The algorithm reduces the dimension J and K by pruning the corresponding common edge. To this end, we need one non-zero entry over \(c_k\) as a baseline. For numerical stability, the baseline is chosen by the largest element of \(c_k\) in its absolute value. The rest of steps are as follows.

  1. 1.

    Let \(c_{kj}\) be the baseline. The active condition can therefore be represented by \({\tilde{\beta }}_j = - ( {c_k^{-j}})^\top {\tilde{\beta }}^{-j} / c_{kj}\) with respect to \({\tilde{\beta }}_j\), where \(c_k^{-j}\) and \({\tilde{\beta }}^{-j}\) are the \(J-1\) dimensional vector excluding the jth entry \(c_{kj}\) and \({\tilde{\beta }}_j\), respectively.

  2. 2.

    Update G and C: Let \({\tilde{G}}_\ell = G_\ell - (c_{k \ell } / c_{kj}) G_j\) for \(\ell = 1, \ldots , J\), \(\ell \ne j\), and then the new design matrix becomes

    $$\begin{aligned} {\tilde{G}} = \begin{bmatrix} {\tilde{G}}_1&\cdots&{\tilde{G}}_{j - 1}&{\tilde{G}}_{j + 1}&\cdots&{\tilde{G}}_J \end{bmatrix} \in \mathbb {R}^{N \times (J - 1)}. \end{aligned}$$

    Similarly, the updated constraint matrix has the form

    $$\begin{aligned} {\tilde{C}} = \begin{bmatrix} {\tilde{c}}_1&\cdots&{\tilde{c}}_{k - 1}&{\tilde{c}}_{k + 1}&\cdots {\tilde{c}}_K \end{bmatrix} \in \mathbb {R}^{(J - 1) \times (K - 1)}, \end{aligned}$$

    where \({\tilde{c}}_m = c_m^{-j} - c_k^{-j} / c_{kj}\) for \(m = 1, \ldots , K\), \(m \ne k\).

  3. 3.

    Now, the minimization problem (4) subject to \(c_k^\top {\tilde{\beta }} = 0\) is equivalent to (11). Then, we update the following notations:

    $$\begin{aligned} G \leftarrow {\tilde{G}}, \quad C \leftarrow {\tilde{C}}, \quad {\tilde{\beta }} \leftarrow {\tilde{\beta }}^{-j}, \quad J \leftarrow J-1, \quad K \leftarrow K-1. \end{aligned}$$

The algorithm just removes kth column from C if \(c_k\) is a zero vector. This case does not occur early in the algorithm, but it may appear during a series of updated processes as the initial constraint matrix is not full rank. That is, there are redundancy between the edge-removal conditions of the initial interior edges so that some edges are removed together in a single pruning step. Therefore, in practice, the algorithm requires a number of pruning steps much smaller than the initial number of edges.
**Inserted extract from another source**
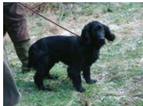
FTCh Mallowdale Zander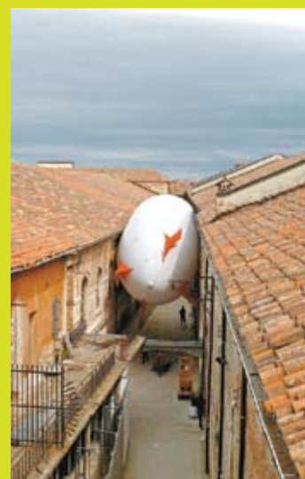
Enjambre de dirigibles , Bienal de Venecia, 2009.

  • Smoothing step: The strategy of the algorithm is to solve a series of the problems sequentially, varying \(\lambda\). We obtain the solutions for an increasing sequence on the log scale values \(\lambda _1< \lambda _2 < \cdots\) for \(\lambda\), stopping at a sufficiently large value that all polygonal pieces are merged. In our polygram package, we set the largest value of \(\lambda\) to \(\lambda _{max}\) and define \(\lambda _{min} = \lambda _{max} \times \epsilon _\lambda\). Then generate an increasing sequence \(\{ \lambda _2 = \lambda _{min}, \lambda _3, \ldots , \lambda _{max} \}\) on the log-scale. The default values of \(\lambda _{max}\) and \(\epsilon _\lambda\) in the package are 10 and \(10^{-10}\), respectively, and these values can be adjusted appropriately according to the given data. The algorithm begins with \(\lambda _1 = 0\). Hence, we obtain the unpenalized least square estimator. Then we progressively increase \(\lambda \leftarrow \lambda _i\), \(i = 1, 2, \ldots ,\) and run the descent step and pruning step repeatedly until no further changes occur.

C Proofs of the results in Sect. 3.2

Lemma C.1 states that \(\hat{\beta }^\lambda\) lies in the same region generated by \(\{ c_k \}_{k=1}^K\) as \(\hat{\beta }^0\) does.

Lemma C.1

Suppose (C.1) and (C.2) hold. If \(0< \lambda < \lambda ^1\), then

$$\begin{aligned} \mathop {\mathrm {\mathsf {sign}}}\limits (c_k^\top {\hat{\beta }}^\lambda ) = \tau _k, {\quad \text{ for } \quad }k = 1, \ldots , K. \end{aligned}$$

Proof

It follows from the result in Section 7 of Tibshirani and Taylor (2011) that \(\hat{\beta }^\lambda\) is continuous with respect to \(\lambda\). This implies that \(c_k^\top \hat{\beta }^\lambda\) is a real-valued function continuous with respect to \(\lambda\). If \(\mathop {\mathrm {\mathsf {sign}}}\limits (c_k^\top {\hat{\beta }}^\lambda ) = -\tau _k\) for \(0<\lambda < \lambda ^1\), the intermediate value theorem implies that the function \(c_k^\top {\hat{\beta }}^\lambda\) assumes the value zero for some \(\zeta\) with \(0<\zeta < \lambda ^1\), which contradicts the definition of \(\lambda ^1\). \(\square\)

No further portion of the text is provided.